Given material:
^^^^

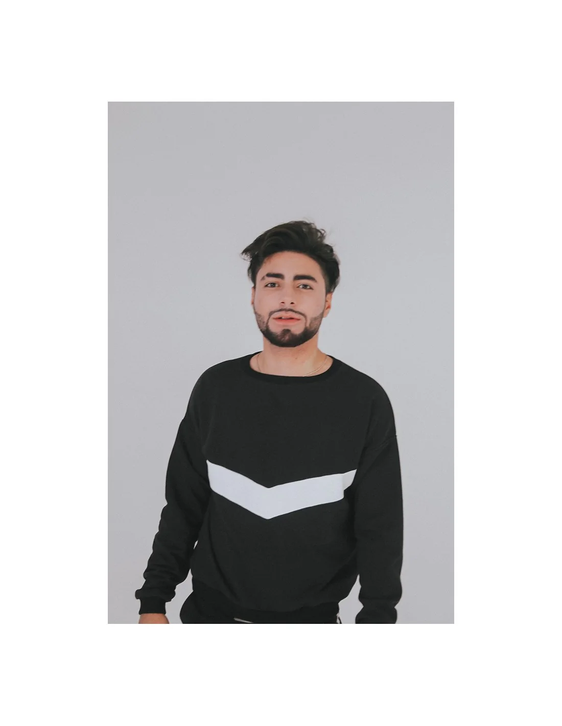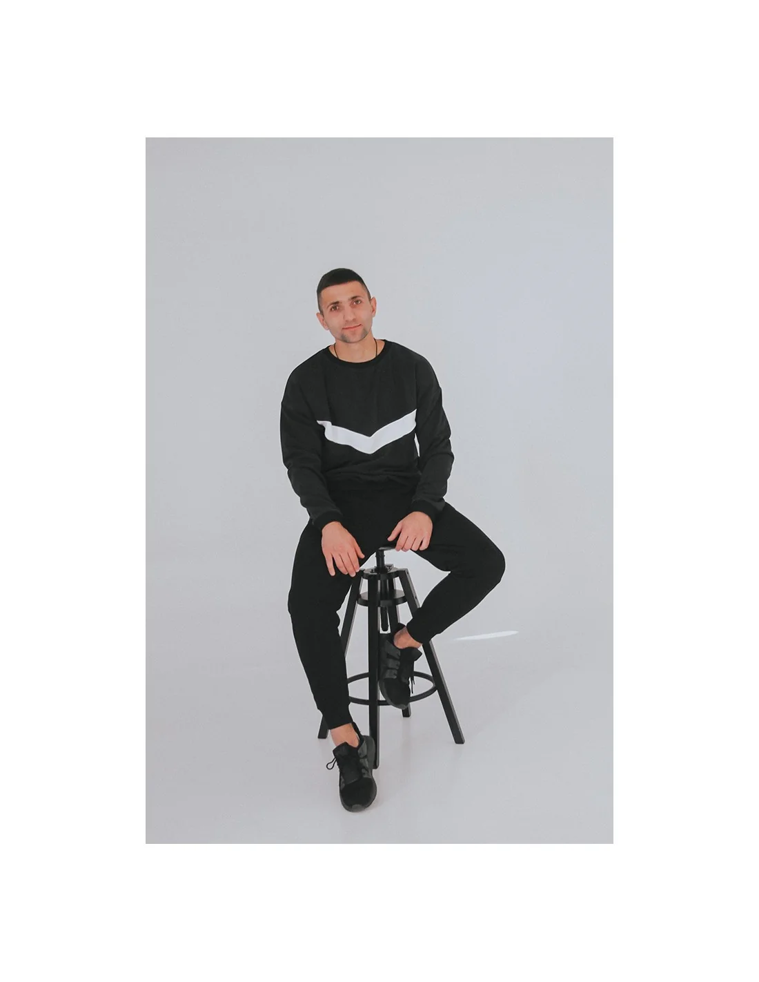 Черно-белая гамма свитшота придает ему элегантный и современный вид. Белая полоса, проходящая по груди, добавляет стильный акцент и делает этот свитшот неповторимым. Этот дизайн подходит как для мужчин, так и для женщин, что делает его идеальным выбором для тех, кто ценит универсальность и стиль.
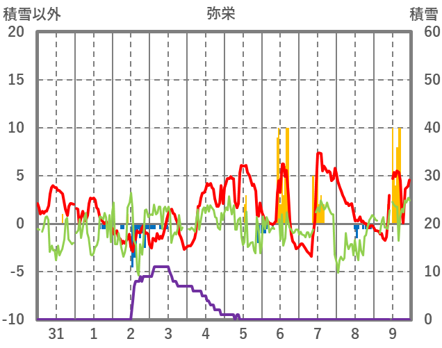 | 日 | 時 | 気温 | 降水 | 風向/風速 | 日照 | 積雪 | 降雪 |
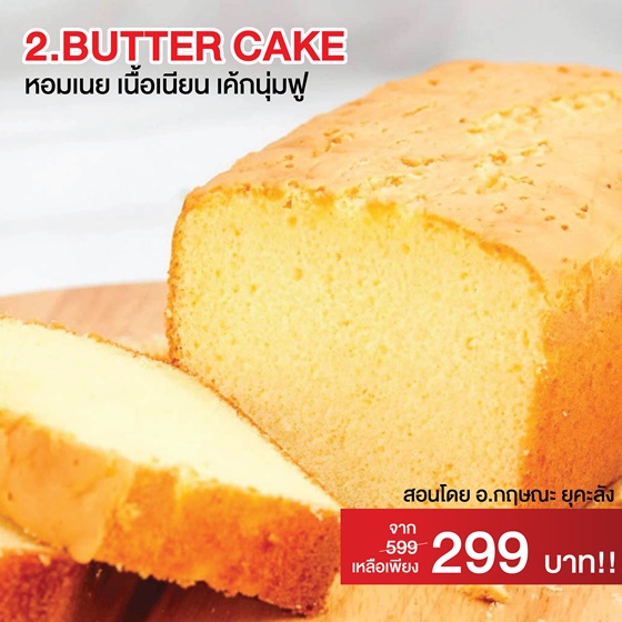 2. BUTTER CAKE หอมเนย เนื้อเนียน เค้กนุ่มฟู สอน โดย อ.กฤษณะ ยุคะลัง จาก 599 บาท เหลือเพียง 299 บาท
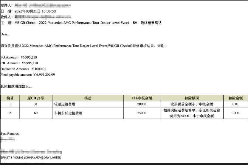 剩余尾款的终审工作由梅赛德斯-奔驰(中国)委托的安永(中国)企业咨询有限公司于2023年8月21日完成审计,报告明确审定应付金额为699.4万余元,剩余尾款可进入开票支付流程。

^^^^

Work to complete: Please print the listing above again word for word, without its pictures.

Exercise output:
 Черно-белая гамма свитшота придает ему элегантный и современный вид. Белая полоса, проходящая по груди, добавляет стильный акцент и делает этот свитшот неповторимым. Этот дизайн подходит как для мужчин, так и для женщин, что делает его идеальным выбором для тех, кто ценит универсальность и стиль.
 | 日 | 時 | 気温 | 降水 | 風向/風速 | 日照 | 積雪 | 降雪 |
 2. BUTTER CAKE หอมเนย เนื้อเนียน เค้กนุ่มฟู สอน โดย อ.กฤษณะ ยุคะลัง จาก 599 บาท เหลือเพียง 299 บาท
 剩余尾款的终审工作由梅赛德斯-奔驰(中国)委托的安永(中国)企业咨询有限公司于2023年8月21日完成审计,报告明确审定应付金额为699.4万余元,剩余尾款可进入开票支付流程。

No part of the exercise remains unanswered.